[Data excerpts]
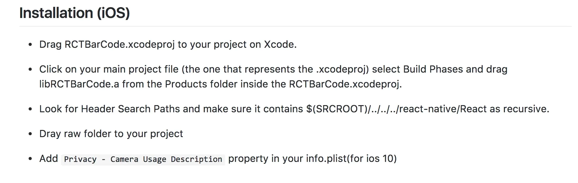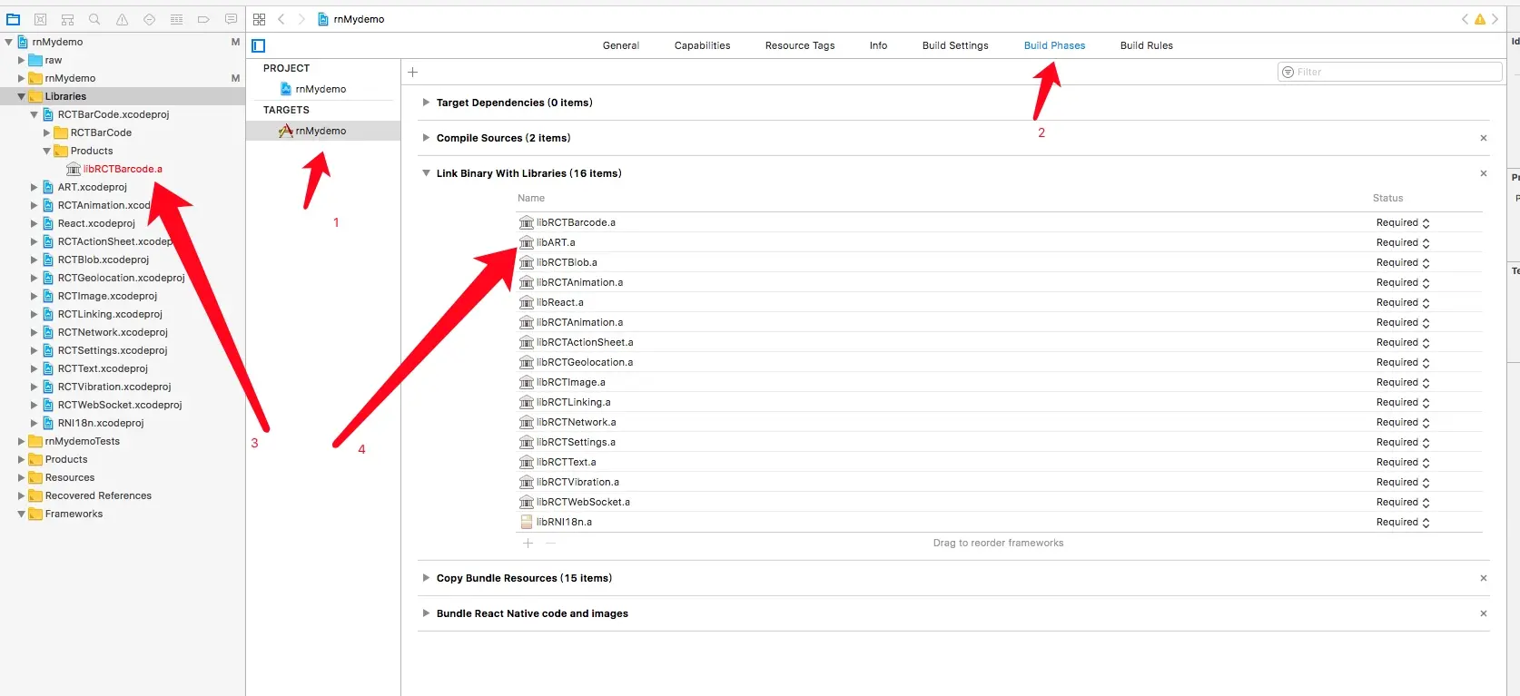2.添加依赖,Build Phases->Link Binary With Libraries 加入RCTBarCode.xcodeproj\Products\libRCTBarCode.a(直接拖),如下图:
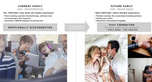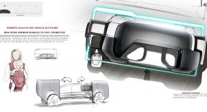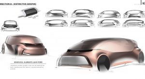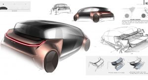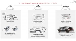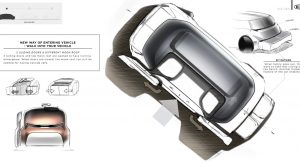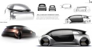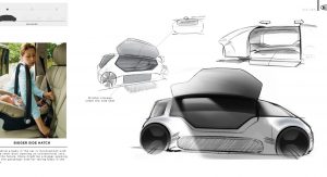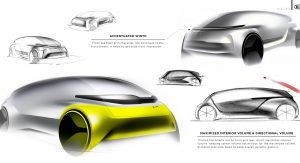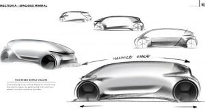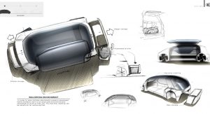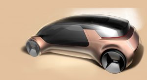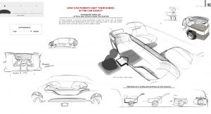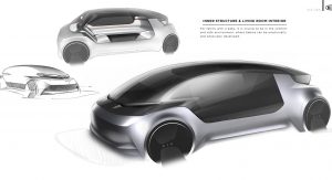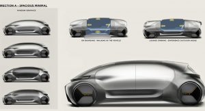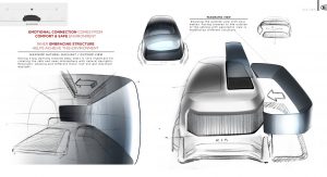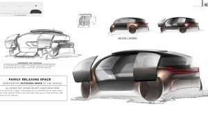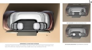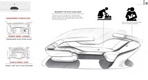 As the concept is fully-autonomous, there’s no need to waste space with a traditional dashboard or steering wheel. Consequently, the concept’s interior consists of two large seats facing each other and a large bench seat to the side which could act as the perfect place to rest a child.
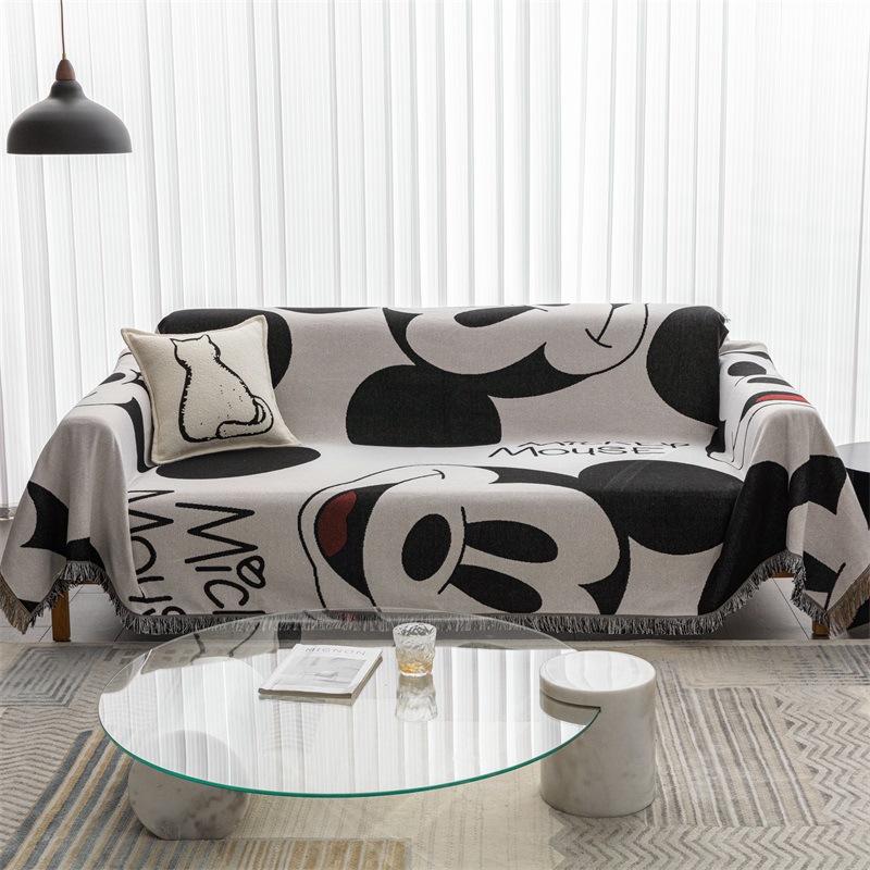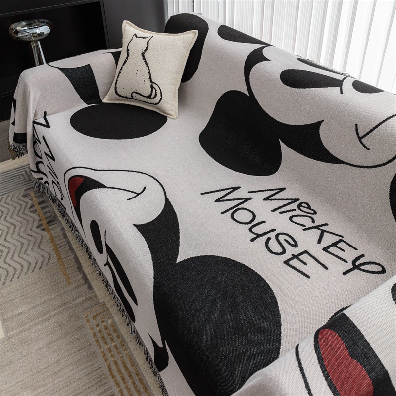 만화 귀여운 양면 소파 커버 사계절 풀 커버 코튼 스레드 장식 담요 양면 미키 소파 수건 쿠션
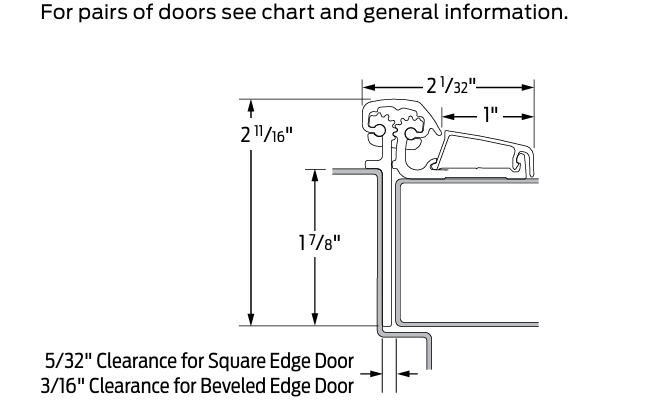 • For doors weighing up to 450 pounds without reinforcing, 600 pounds with reinforcing;
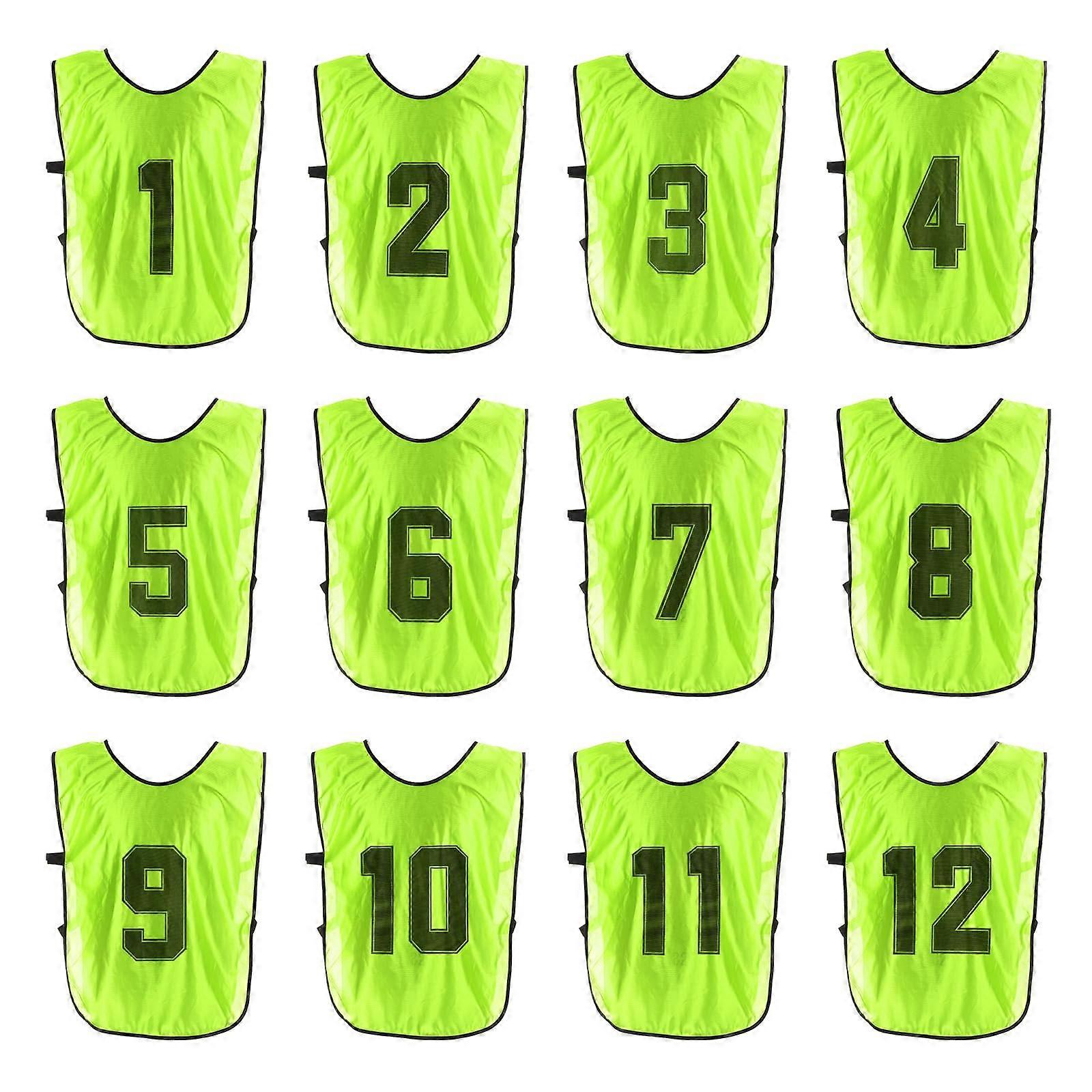 Football Training Vest, 12 Pack Reversible Pinnies, Numbered Jerseys with Belt for Adults, 25 Inch Green Color
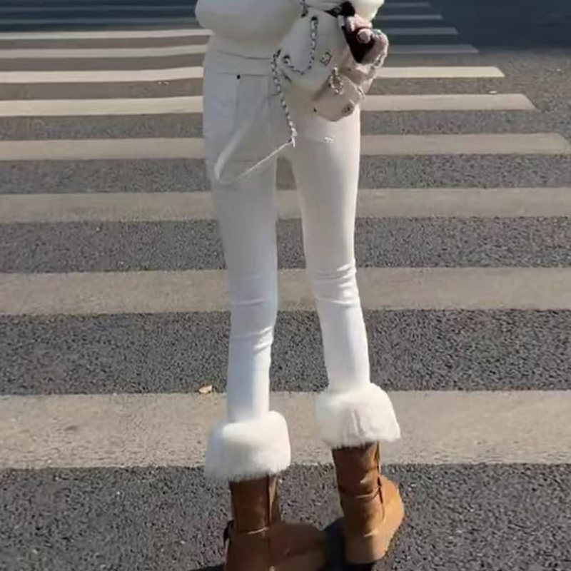 YF7072-图片色白色别致系扣高腰弹力包臀港式小脚显瘦紧身百搭牛仔裤
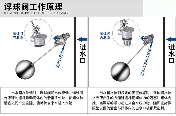 當水塔內(nèi)水面下降時,浮球下落,利用水管內(nèi)水的壓力,將閥體里的密封硅膠柱塞打開,閥體開啟供水,當水塔水位上升時,浮球上浮,連桿帶動柱塞,硅膠體密封進水孔,閥體停止供水.
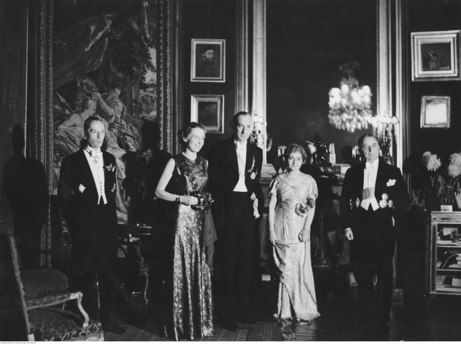 Raut w Pałacu Raczyńskich. 26 XI 1936 r. W centrum minister spraw zagranicznych Polski Józef Beck z małżonka Jadwigą, po prawej minister spraw zagranicznych Rumunii Victor Antonescu z małżonką, po lewej zastępca szefa Protokołu Dyplomatycznego MSZ Aleksander Łubieński. Fot.: NAC
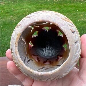 Beautiful carved stone sphere with intricate floral cutout patterns. Features a blend of earthy tones. Some wear from previous use as shown. 4” x 3” approximately.
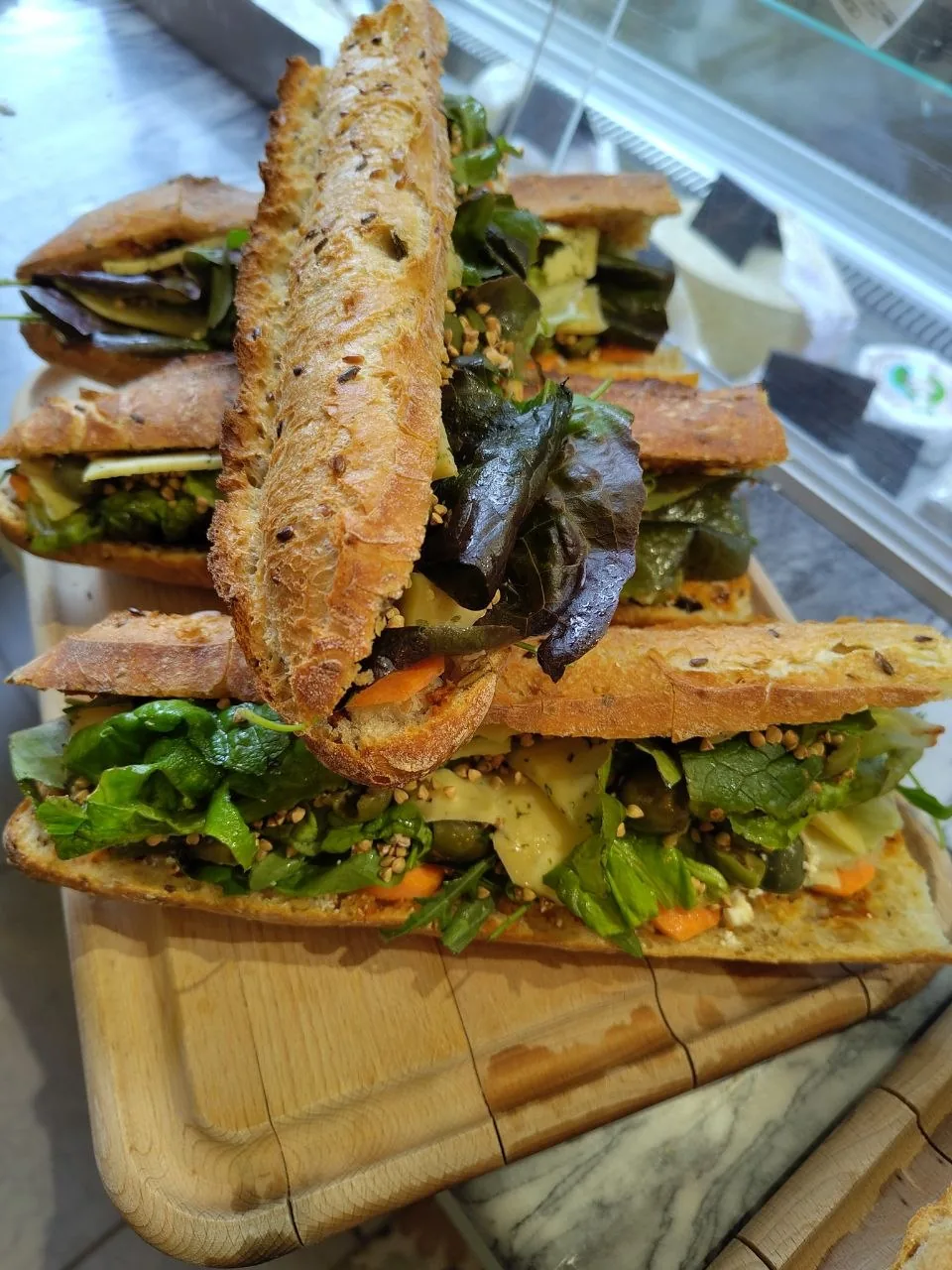Faits maison chaque matin, sur pain artisanal, avec des ingrédients bio et de saison. Commandez, puis passez les chercher en boutique quand ça vous arrange.

ASSIGNED TASK: Leaving every picture out, return the lines from the one containing "Beautiful carved stone" through the last line of the records exactly.

SOLVED EXERCISE:
 Beautiful carved stone sphere with intricate floral cutout patterns. Features a blend of earthy tones. Some wear from previous use as shown. 4” x 3” approximately.
Faits maison chaque matin, sur pain artisanal, avec des ingrédients bio et de saison. Commandez, puis passez les chercher en boutique quand ça vous arrange.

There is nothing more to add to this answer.